Nearly 700,000 citations removed after an archiving service was caught tampering with its own captures. Here's what it means for reporters who rely on third-party archives as evidence.
In early February 2026, Wikipedia made a most dramatic content-policy decision: it banned a leading archiving and citation engine, Archive.today, across all its projects and began removing nearly 700,000 citation links. The reason wasn't a licensing dispute or a policy technicality: Wikimedia's technical teams found forensic evidence that archived captures stored on the platform had been altered after the fact — and that the service had launched a coordinated DDoS attack against a blogger who had investigated its operators.
For journalists and researchers, the implications run much deeper than Wikipedia's housekeeping.
Archive.today had become a default tool for reporters and investigators preserving online evidence — particularly useful for capturing paywalled content and pages likely to disappear alike. For years, it was considered an if-you-know-you-know tool for journalists and fact-checkers. The identity of its operators, however, always remained in the dark, according to Heise Online. That opacity turned out to matter enormously: the people with access to the archive's infrastructure apparently also had the ability (and the willingness!) to rewrite what it contained.
This is the core problem with outsourcing your archive to the commons: A public service operated by unknown actors, with no transparency and no independent audit trail, is not a neutral witness. For your journalism, it's a liability.

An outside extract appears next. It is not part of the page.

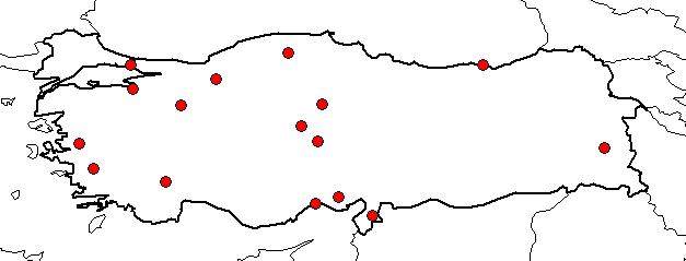 Türkiye dağılımı : K. Türkiye, B., G., D. ve O. Anadolu

Under German law — and across most European jurisdictions — the evidentiary value of a web archive depends on chain of custody and authentication (see our legal framework). A capture whose integrity cannot be independently verified, or whose operator could have modified it, provides little legal protection. Courts distinguish sharply between independently operated, systematically authenticated archives and ad hoc captures from third-party services. Archive.today, post-ban, falls firmly in the latter category.
Tom's Hardware report that an estimated 15% of Archive.today links on Wikipedia were irreplaceable. These were sources that existed only in that archive, and are now suspect. For journalism, that number represents stories that can no longer be fully sourced. Evidence that may not hold up.
The lesson isn't that archiving is broken, but that it only works when you own the record. The provenance has to be yours — cryptographically, legally, and operationally. Trusting a third party to hold your evidence is trusting them not to change it. The Archive.today story shows exactly what happens when that trust is misplaced.